• [Dataset excerpts]

--------------------------------------------------

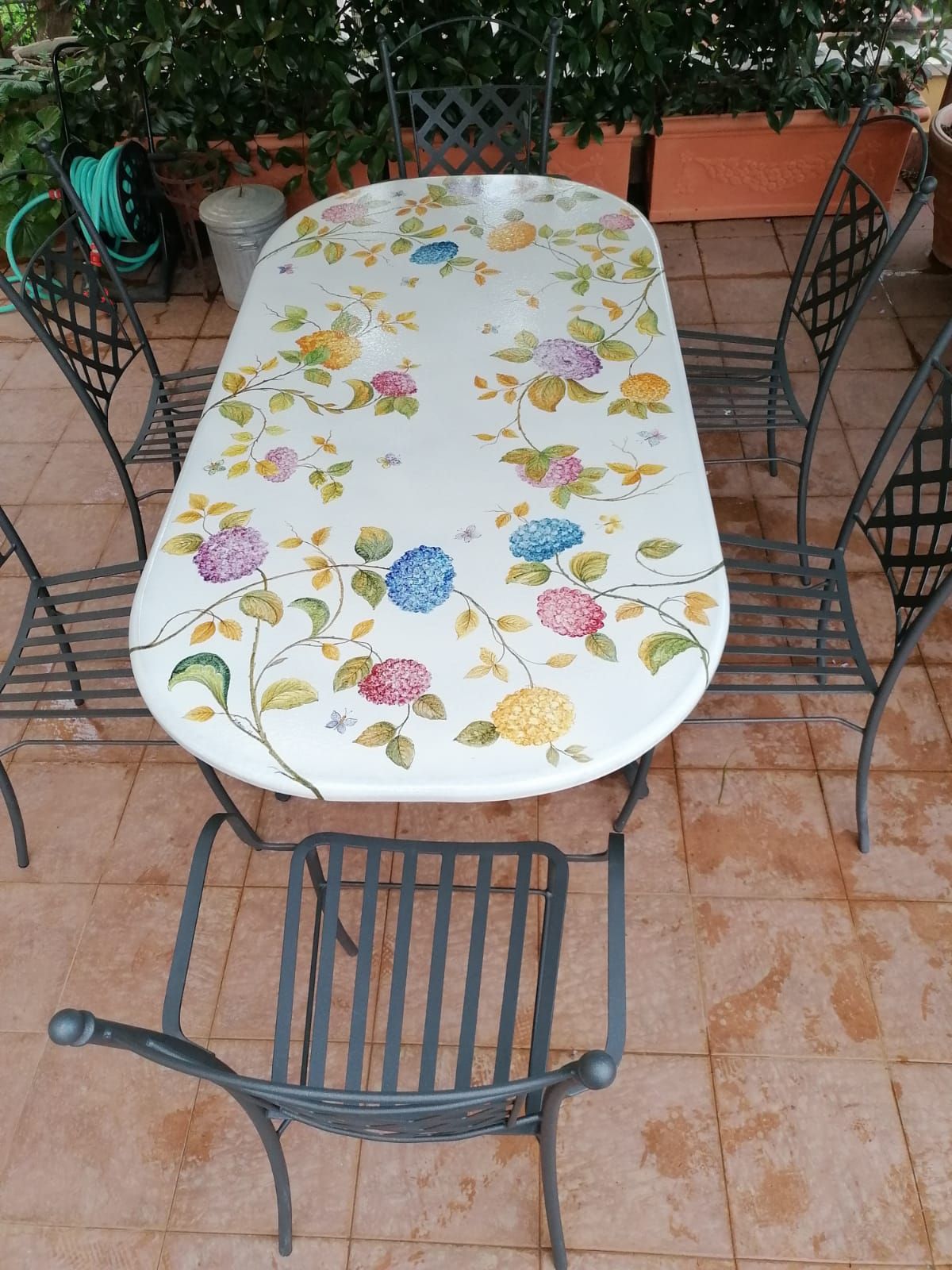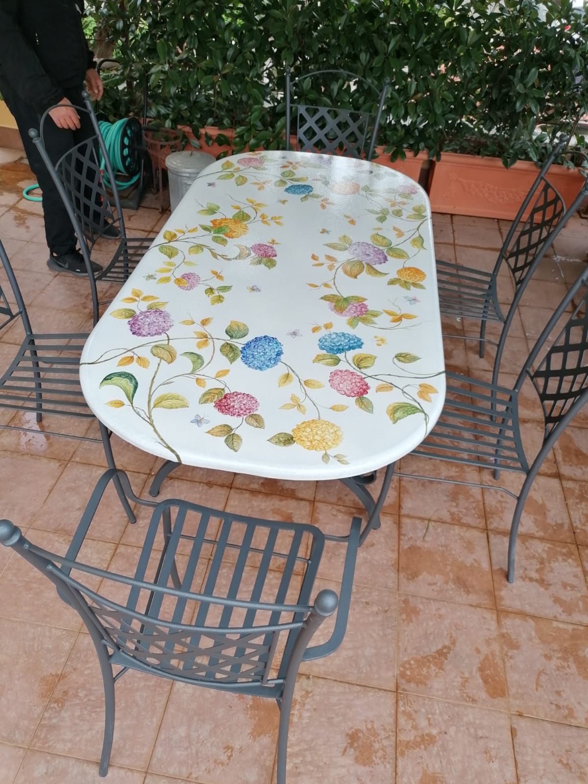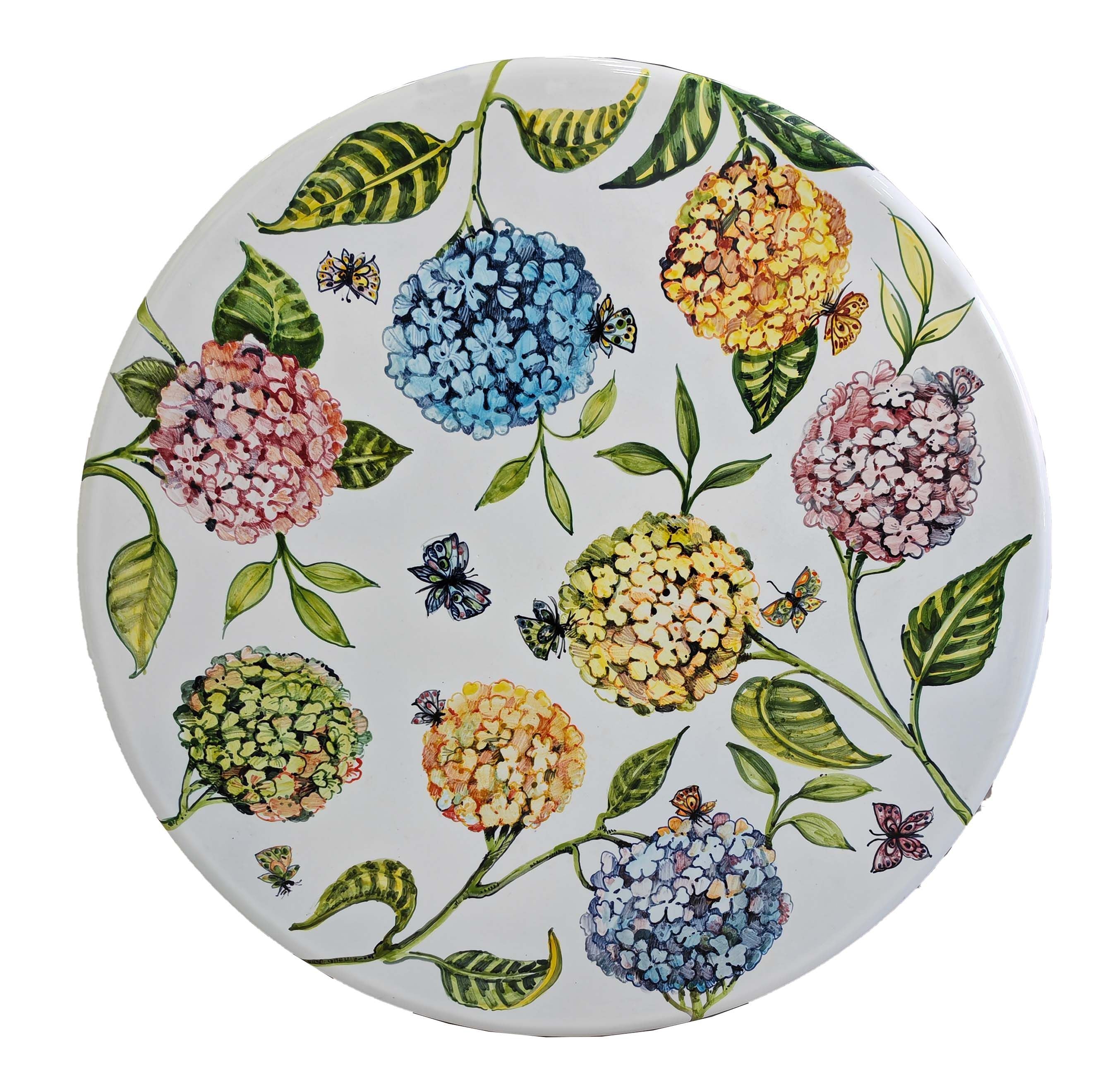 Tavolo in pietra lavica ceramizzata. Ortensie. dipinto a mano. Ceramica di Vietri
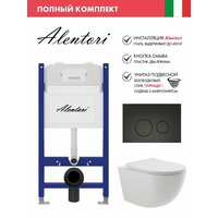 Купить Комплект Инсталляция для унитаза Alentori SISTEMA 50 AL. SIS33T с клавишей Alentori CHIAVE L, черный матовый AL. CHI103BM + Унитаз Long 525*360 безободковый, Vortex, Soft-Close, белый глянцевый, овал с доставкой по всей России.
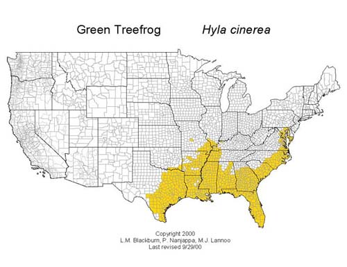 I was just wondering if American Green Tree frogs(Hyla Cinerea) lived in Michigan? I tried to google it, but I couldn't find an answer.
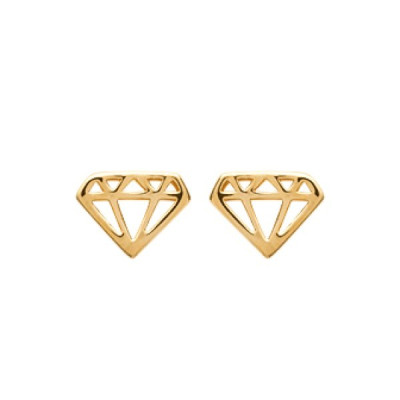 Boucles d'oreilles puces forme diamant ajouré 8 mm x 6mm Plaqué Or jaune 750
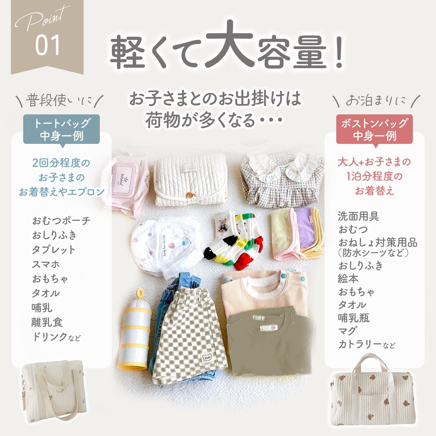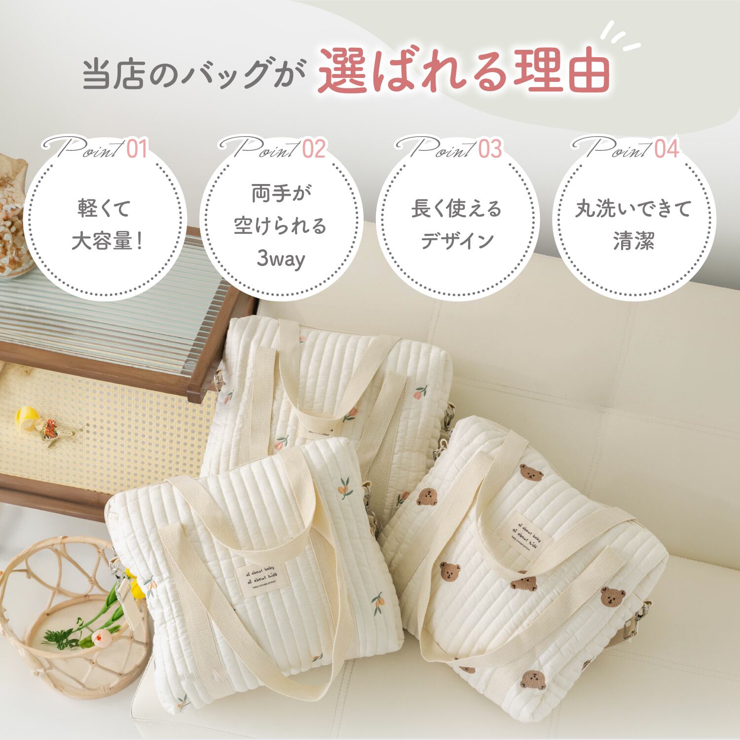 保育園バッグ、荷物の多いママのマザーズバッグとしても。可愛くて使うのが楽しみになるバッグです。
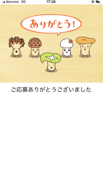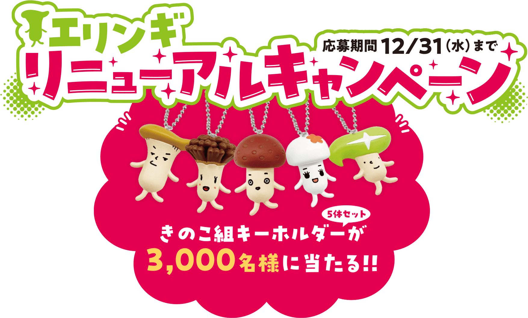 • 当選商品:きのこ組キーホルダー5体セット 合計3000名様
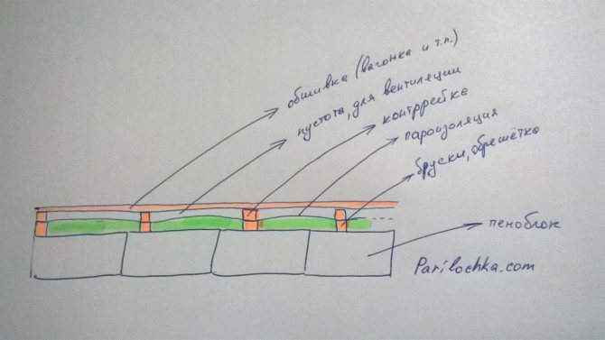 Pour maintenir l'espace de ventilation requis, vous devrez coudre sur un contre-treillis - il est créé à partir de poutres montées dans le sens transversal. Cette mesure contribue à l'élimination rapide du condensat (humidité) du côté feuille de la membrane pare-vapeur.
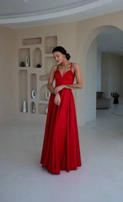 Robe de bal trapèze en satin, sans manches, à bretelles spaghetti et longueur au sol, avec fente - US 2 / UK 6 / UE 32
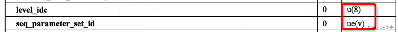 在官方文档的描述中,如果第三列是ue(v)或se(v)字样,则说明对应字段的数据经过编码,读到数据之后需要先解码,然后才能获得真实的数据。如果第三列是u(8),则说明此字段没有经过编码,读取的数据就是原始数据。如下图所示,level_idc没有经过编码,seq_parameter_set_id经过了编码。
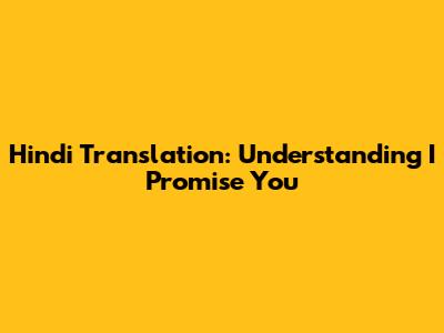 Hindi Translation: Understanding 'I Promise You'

--------------------------------------------------

• [AIM OF THE TASK] Your answer should be the lines above from the one that contains "保育園バッグ、荷物の多いママ" through the last, set down exactly, with the pictures removed.

• [OUTPUT OF THE EXERCISE]
 保育園バッグ、荷物の多いママのマザーズバッグとしても。可愛くて使うのが楽しみになるバッグです。
 • 当選商品:きのこ組キーホルダー5体セット 合計3000名様
 Pour maintenir l'espace de ventilation requis, vous devrez coudre sur un contre-treillis - il est créé à partir de poutres montées dans le sens transversal. Cette mesure contribue à l'élimination rapide du condensat (humidité) du côté feuille de la membrane pare-vapeur.
 Robe de bal trapèze en satin, sans manches, à bretelles spaghetti et longueur au sol, avec fente - US 2 / UK 6 / UE 32
 在官方文档的描述中,如果第三列是ue(v)或se(v)字样,则说明对应字段的数据经过编码,读到数据之后需要先解码,然后才能获得真实的数据。如果第三列是u(8),则说明此字段没有经过编码,读取的数据就是原始数据。如下图所示,level_idc没有经过编码,seq_parameter_set_id经过了编码。
 Hindi Translation: Understanding 'I Promise You'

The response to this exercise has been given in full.